### Work request:
The lines below, from the one holding "前煞把手支柱螺絲生鏽 找不到好看的 車了一支銅管攻牙 上內六角白鐵" through the final line, are to be copied exactly, with no other lines and no pictures.

### Given material:
_ _ _
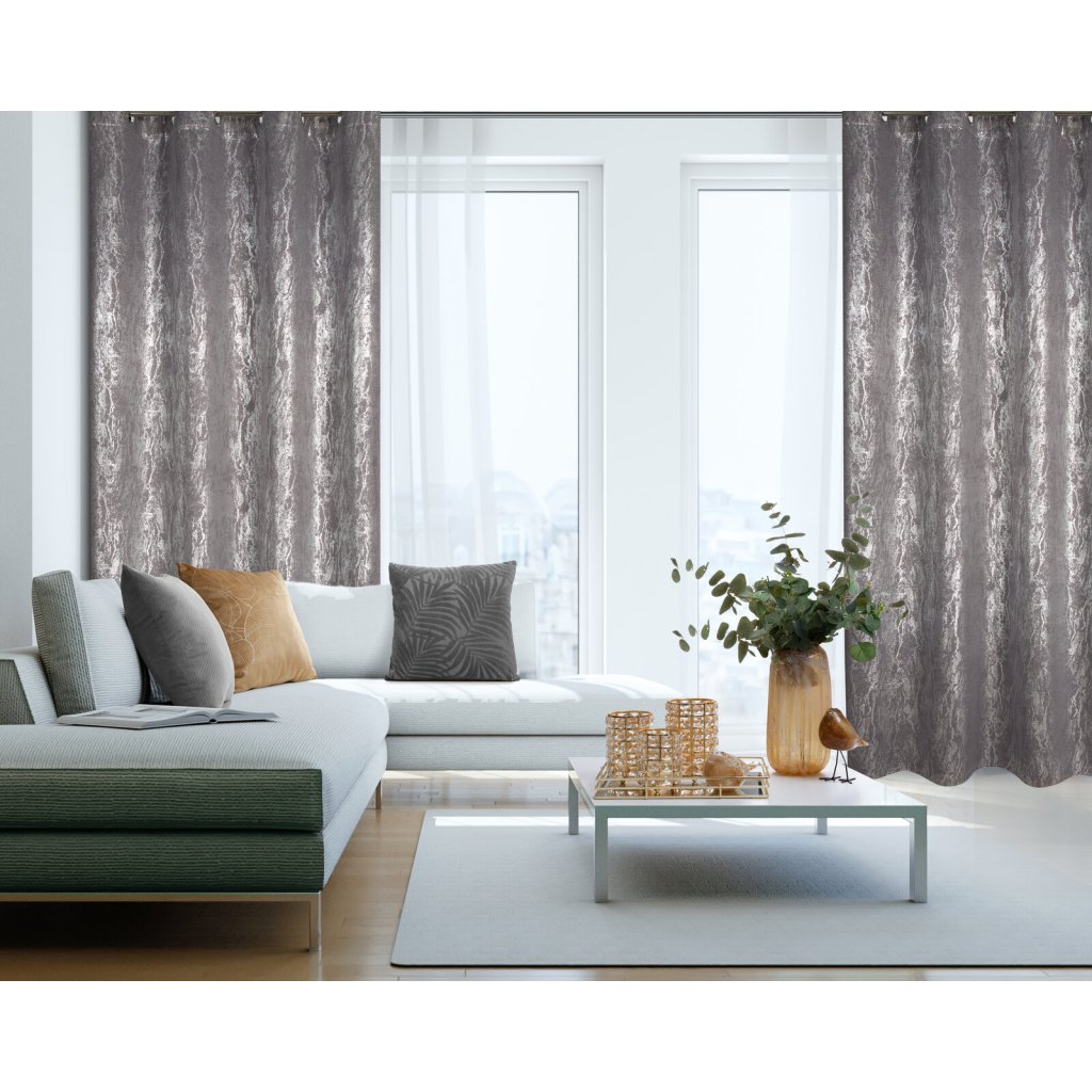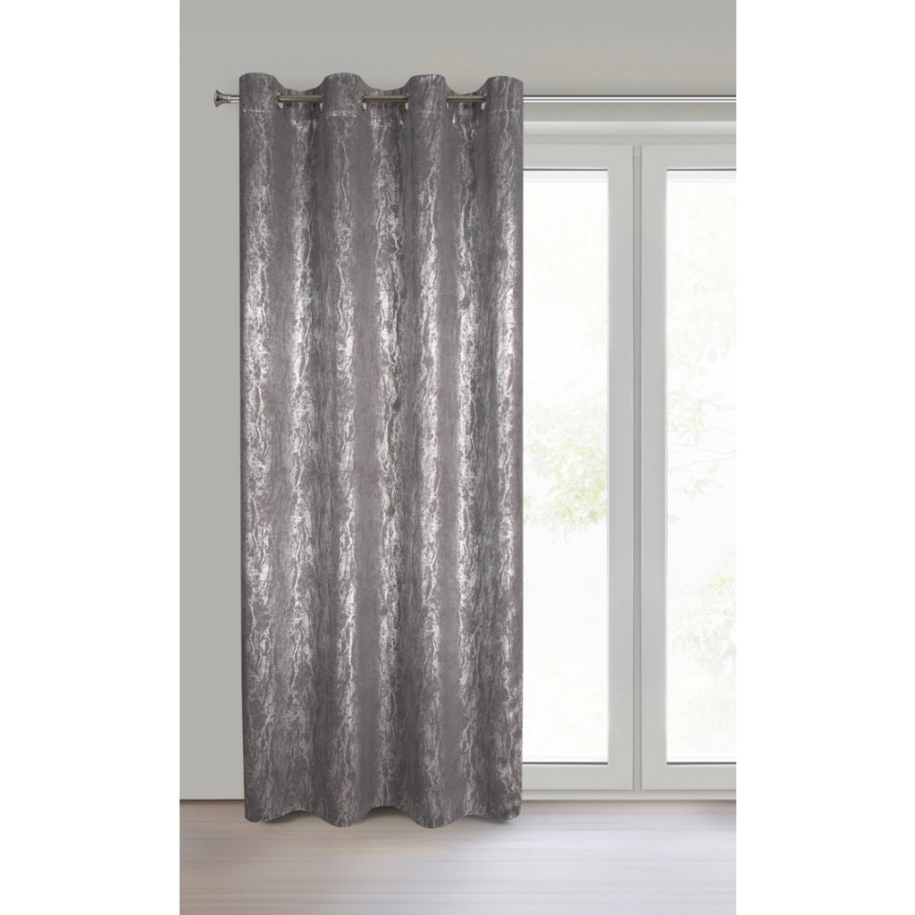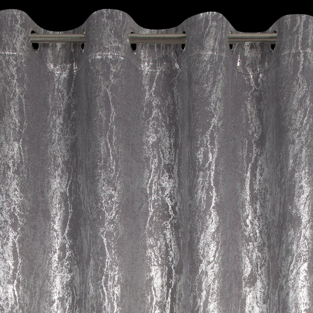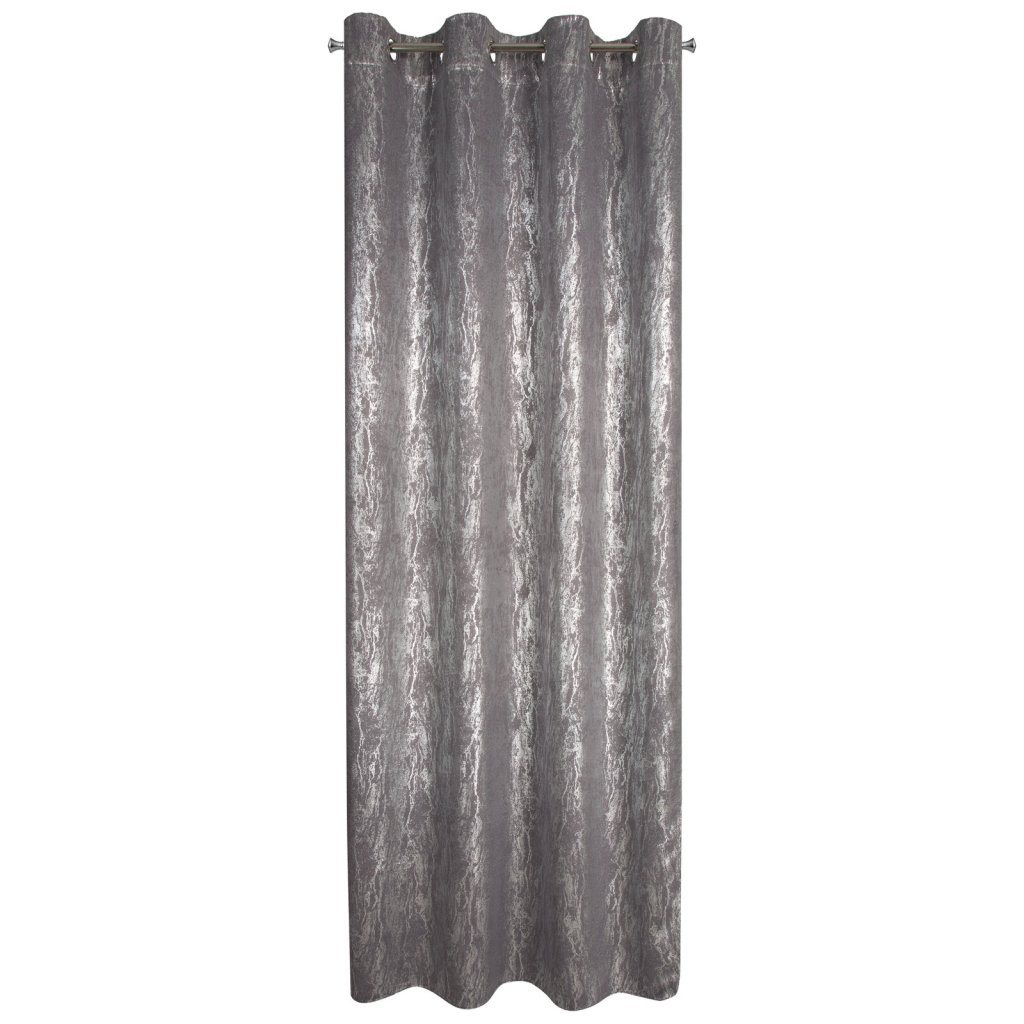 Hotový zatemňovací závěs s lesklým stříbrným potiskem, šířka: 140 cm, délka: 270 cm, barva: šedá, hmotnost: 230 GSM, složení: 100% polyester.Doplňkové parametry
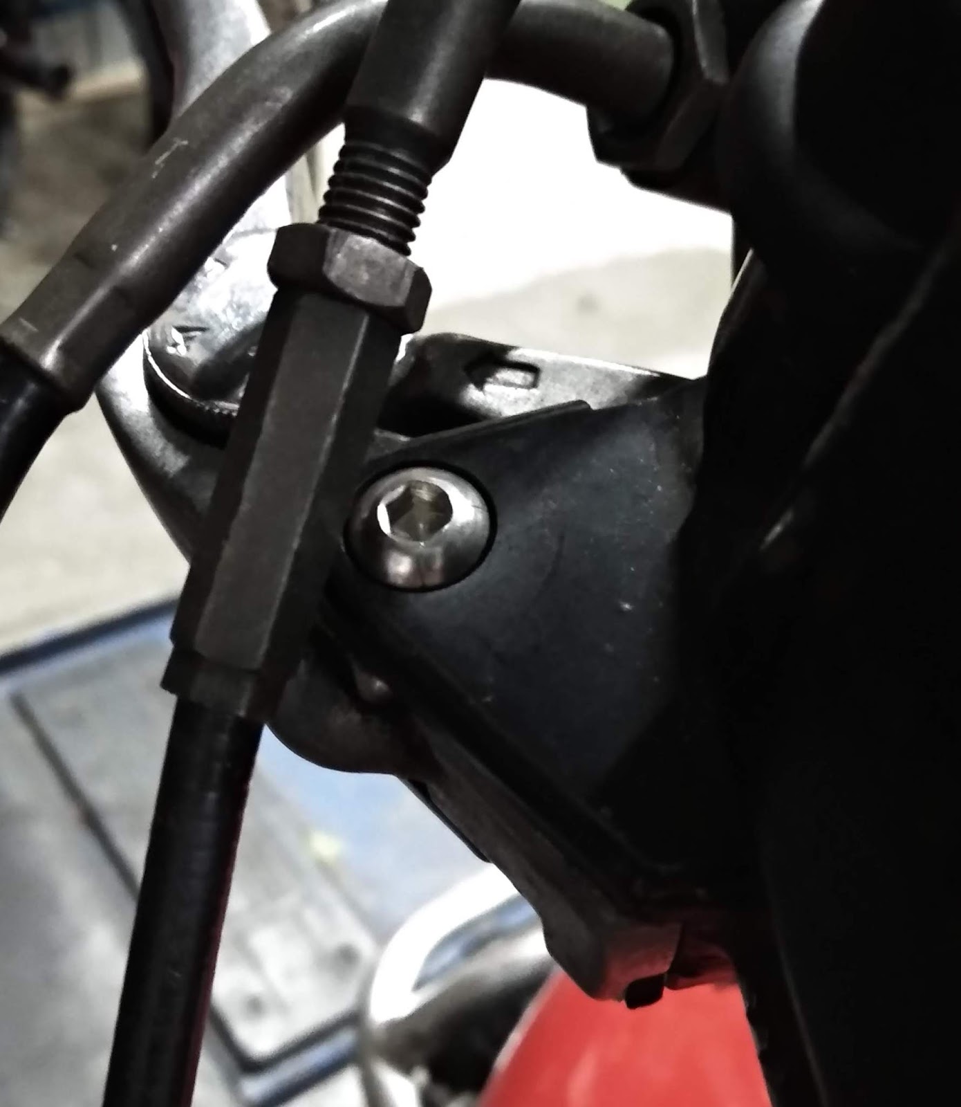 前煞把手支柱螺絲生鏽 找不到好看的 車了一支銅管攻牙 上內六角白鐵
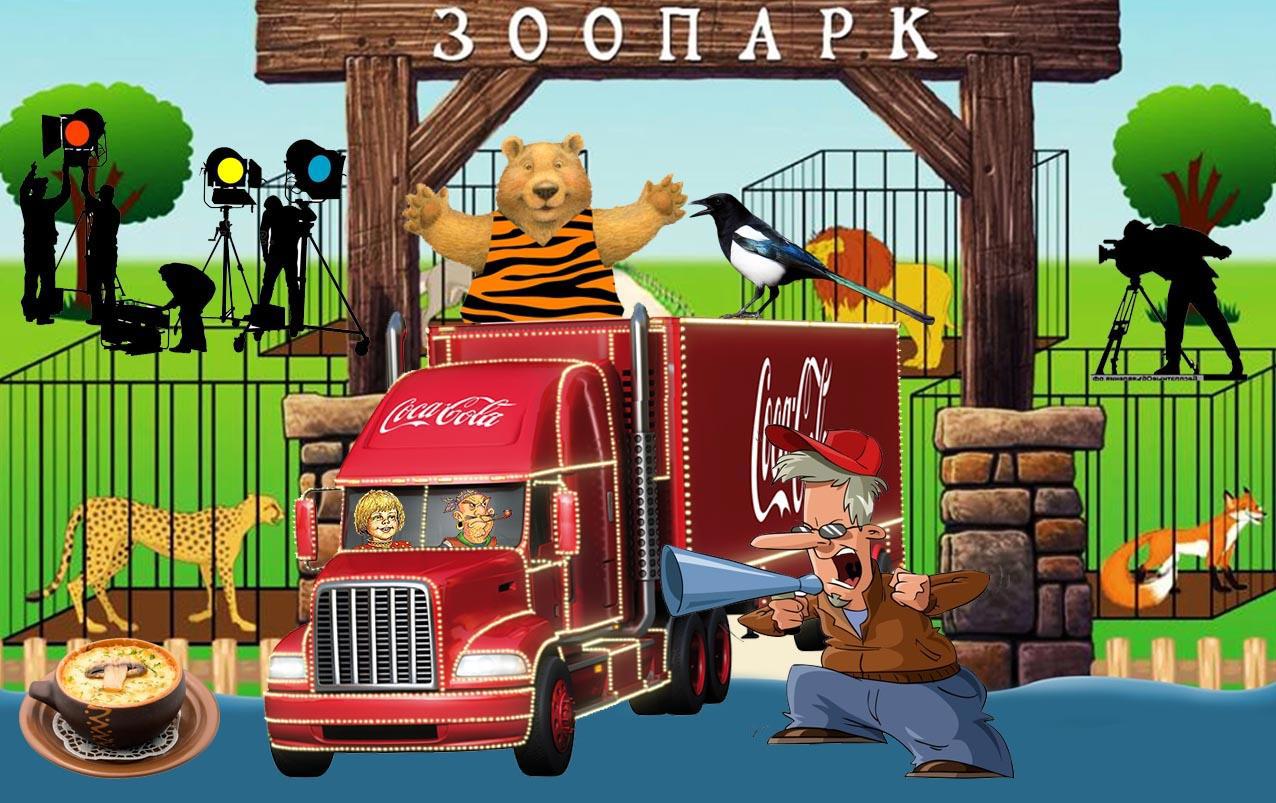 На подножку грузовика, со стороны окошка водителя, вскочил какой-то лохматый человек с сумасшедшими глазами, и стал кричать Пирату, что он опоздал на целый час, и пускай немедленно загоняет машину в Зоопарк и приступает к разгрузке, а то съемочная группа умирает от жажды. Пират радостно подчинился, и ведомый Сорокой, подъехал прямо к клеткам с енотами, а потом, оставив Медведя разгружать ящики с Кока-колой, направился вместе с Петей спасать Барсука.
_ _ _
### Response area:
 前煞把手支柱螺絲生鏽 找不到好看的 車了一支銅管攻牙 上內六角白鐵
 На подножку грузовика, со стороны окошка водителя, вскочил какой-то лохматый человек с сумасшедшими глазами, и стал кричать Пирату, что он опоздал на целый час, и пускай немедленно загоняет машину в Зоопарк и приступает к разгрузке, а то съемочная группа умирает от жажды. Пират радостно подчинился, и ведомый Сорокой, подъехал прямо к клеткам с енотами, а потом, оставив Медведя разгружать ящики с Кока-колой, направился вместе с Петей спасать Барсука.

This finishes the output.